Size: Set by the -Xss parameter (default ~1MB). Overflow → StackOverflowError. Dynamic expansion → OutOfMemoryError.


10. JIT Compilation: C1, C2, and Adaptive Optimization

  • JIT (Just-In-Time) — compilation of "hot" bytecode into native machine code at runtime.

  • Compilation levels in HotSpot (Tiered Compilation, -XX:+TieredCompilation):

    • Interpreter: Executes bytecode. Zero startup overhead, but low speed.
    • C1 (Client Compiler): Fast, lightweight compilation. Applies basic optimizations (inlining, simple data flow analysis). Goal — quickly get working native code.
    • C2 (Server Compiler): Aggressive, heavy optimizing compiler. Uses complex static analysis (EA, scalar replacement, loop unrolling, macro- and micro-fusion, memory and barrier optimizations). Compiles the hottest methods.
  • Profiling: JVM collects data about code operation at runtime:

    • Method invocation counters.
    • Branching: Which if branch executes more often.
    • Type Profile: Which concrete classes arrive at a polymorphic call (invokevirtual). This allows devirtualization — replacing a virtual call with a direct one, and then inlining.
  • Deoptimization: The reverse process. If the optimizer's assumptions are violated (e.g., a new type arrives, not accounted for in the profile), JVM rolls back the compiled native code back to interpreted bytecode.
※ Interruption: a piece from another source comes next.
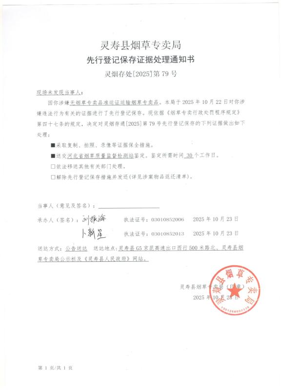 灵寿县烟草专卖局先行登记保存证据处理通知书 灵烟存处【2025】第79号

    • Triggers: "Stale" profile (class loading, new polymorphic types), debug points (breakpoint), dependency reset. (simplification)

Cycle: Interpreter → profiling → C1 → profiling → C2 → (deoptimization if necessary). This is Adaptive Optimization.


11. volatile: Guarantees of Visibility and Ordering

  • volatile — a variable modifier providing guarantees of visibility and ordering at the memory level, without atomicity for compound operations (i++).

  • Semantics:

    1. Visibility: A write to a volatile variable by one thread is guaranteed to become visible to all subsequent reads of that variable from other threads.
    2. Prevention of Reordering: JVM and processor cannot reorder read/write operations of a volatile variable with other memory operations in a way that violates the happens-before rule.
  • Happens-Before: The formal Java memory model defining guarantees of visibility of changes between threads.

    • Rule for volatile (JLS 17.4.5): A write to a volatile field happens-before every subsequent read of the same field.
    • Consequence (Transitivity): If thread A writes to volatile V, and then thread B reads V, then all memory changes made by thread A before writing to V become visible to thread B after reading V.
      // Thread 1
      sharedNonVolatileData = ...; // (1)
      volatileFlag = true;          // (2) volatile write
      // Thread 2
      if (volatileFlag) {           // (3) volatile read (will see true)
          // Here, the value of sharedNonVolatileData from (1) is guaranteed to be visible
          use(sharedNonVolatileData);
      }
      
  • Implementation: At the processor level, this is usually implemented via memory barriers (Memory Barrier or Fence). Writing volatile includes StoreStore + StoreLoad barriers. Reading — LoadLoad + LoadStore.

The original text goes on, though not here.